Task brief> What you return should be the lines from the one with "408 Cobalt Teal PG50 8 MS MG" through the one with "Hankelow Court seen from the garden" in the data below, reproduced exactly with both ends, and no pictures at all.

Record extracts>
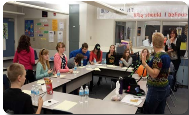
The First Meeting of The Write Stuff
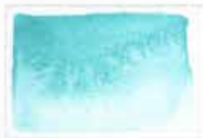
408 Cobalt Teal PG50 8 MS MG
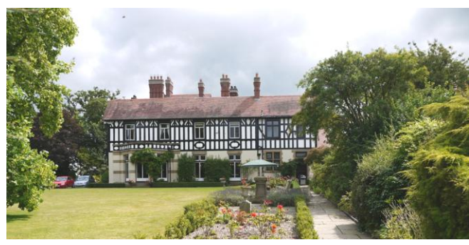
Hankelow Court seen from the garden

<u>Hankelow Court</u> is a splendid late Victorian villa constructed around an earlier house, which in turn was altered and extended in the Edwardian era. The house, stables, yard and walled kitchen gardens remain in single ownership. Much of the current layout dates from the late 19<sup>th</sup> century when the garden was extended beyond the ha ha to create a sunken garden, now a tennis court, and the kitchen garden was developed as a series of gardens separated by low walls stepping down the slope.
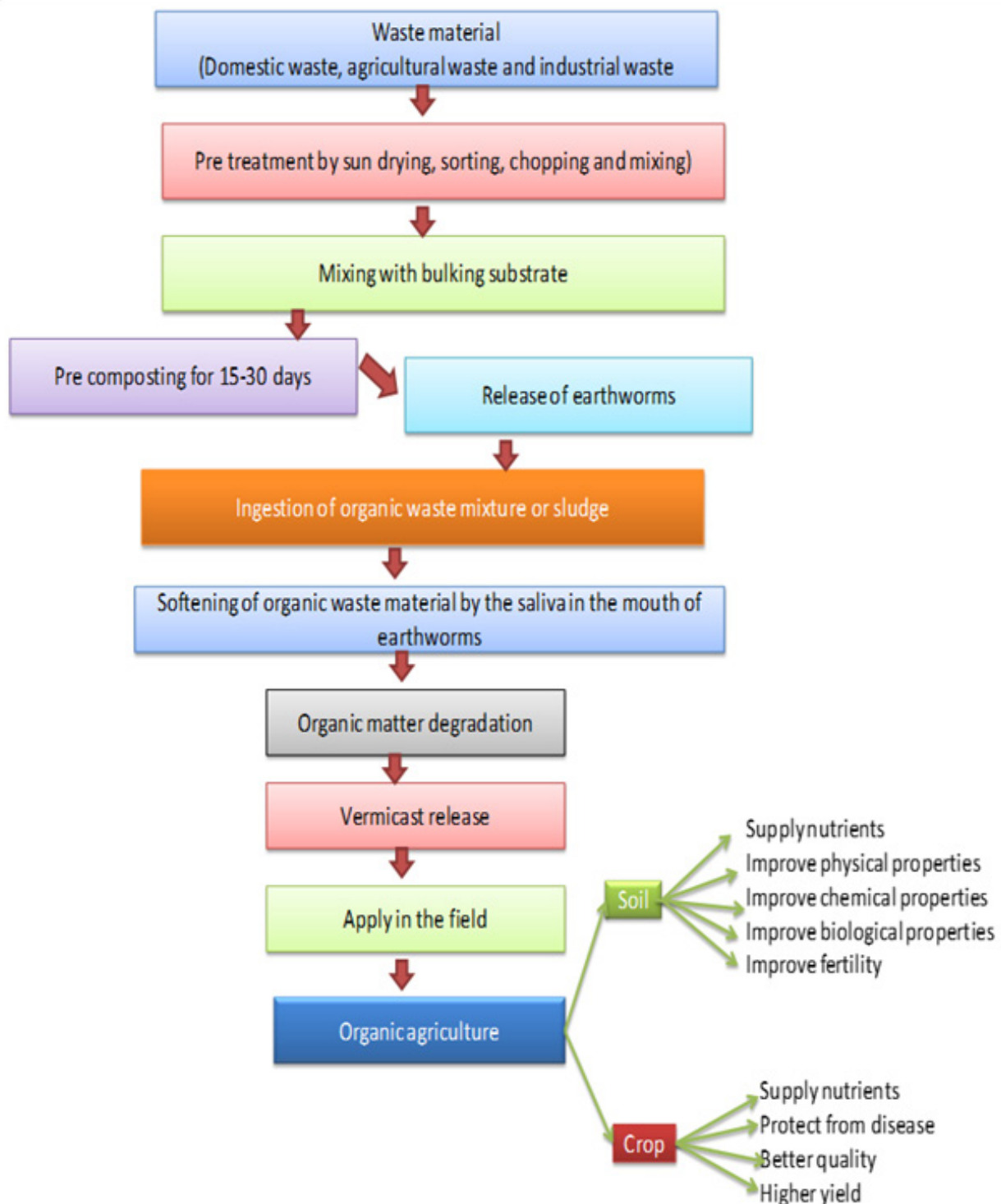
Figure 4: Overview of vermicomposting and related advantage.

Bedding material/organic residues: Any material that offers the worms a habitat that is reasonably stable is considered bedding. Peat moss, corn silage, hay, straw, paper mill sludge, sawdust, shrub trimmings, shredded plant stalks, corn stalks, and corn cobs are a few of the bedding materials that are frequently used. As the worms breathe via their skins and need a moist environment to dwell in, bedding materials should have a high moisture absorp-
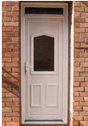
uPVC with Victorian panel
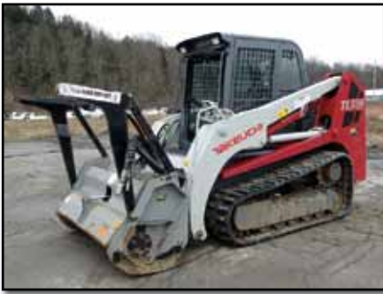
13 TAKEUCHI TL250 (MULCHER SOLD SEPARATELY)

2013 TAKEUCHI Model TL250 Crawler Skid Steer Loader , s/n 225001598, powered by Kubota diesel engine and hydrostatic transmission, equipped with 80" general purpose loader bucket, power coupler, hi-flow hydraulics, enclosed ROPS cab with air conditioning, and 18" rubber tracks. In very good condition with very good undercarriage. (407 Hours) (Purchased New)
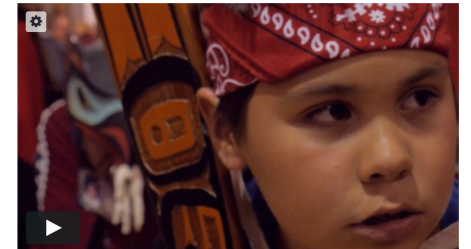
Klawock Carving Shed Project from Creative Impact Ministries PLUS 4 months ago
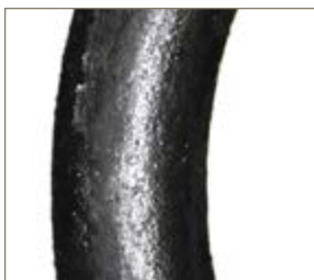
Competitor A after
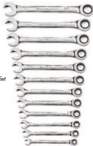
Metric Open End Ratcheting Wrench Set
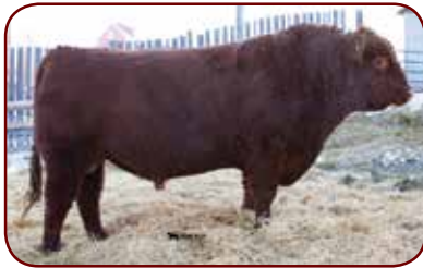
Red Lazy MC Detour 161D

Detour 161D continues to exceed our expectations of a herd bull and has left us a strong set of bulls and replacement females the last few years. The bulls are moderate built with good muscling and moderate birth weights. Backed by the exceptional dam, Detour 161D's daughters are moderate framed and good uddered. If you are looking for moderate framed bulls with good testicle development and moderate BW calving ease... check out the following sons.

...

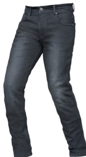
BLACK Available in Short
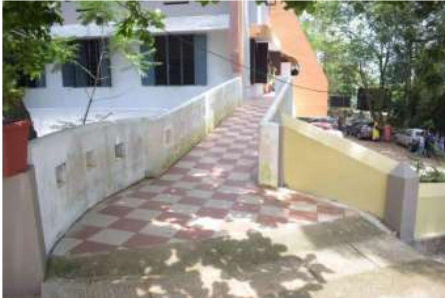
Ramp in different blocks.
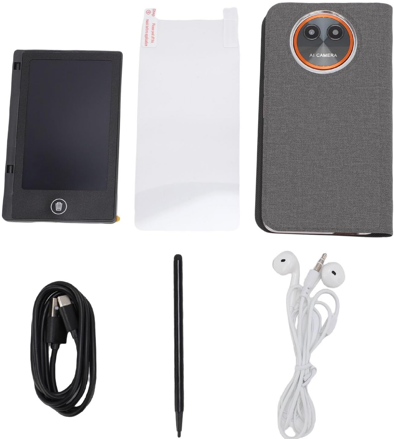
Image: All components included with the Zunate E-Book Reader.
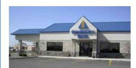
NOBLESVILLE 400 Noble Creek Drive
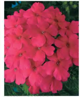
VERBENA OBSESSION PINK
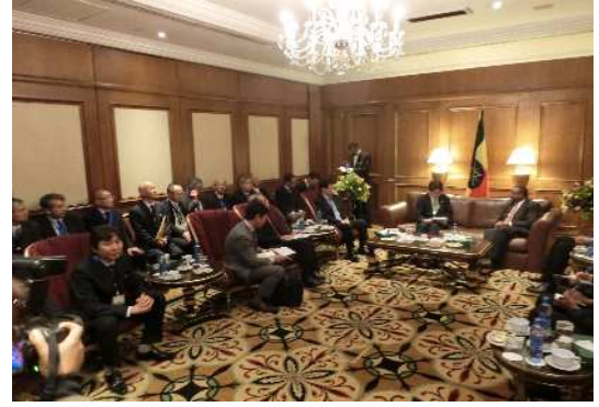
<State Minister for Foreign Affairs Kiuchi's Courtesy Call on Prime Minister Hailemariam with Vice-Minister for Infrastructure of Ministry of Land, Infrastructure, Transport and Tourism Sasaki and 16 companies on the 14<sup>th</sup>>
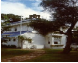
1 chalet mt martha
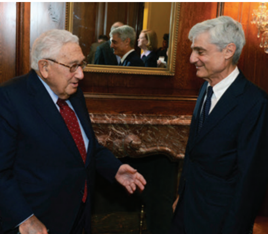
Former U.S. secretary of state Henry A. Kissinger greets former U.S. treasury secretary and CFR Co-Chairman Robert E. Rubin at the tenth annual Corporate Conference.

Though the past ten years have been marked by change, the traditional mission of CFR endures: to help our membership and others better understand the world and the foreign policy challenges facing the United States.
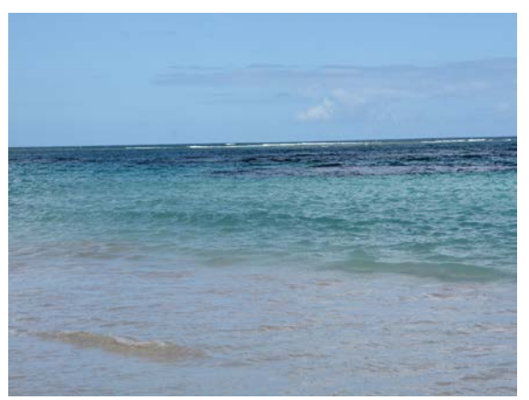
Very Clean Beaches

Task response>
408 Cobalt Teal PG50 8 MS MG
Hankelow Court seen from the garden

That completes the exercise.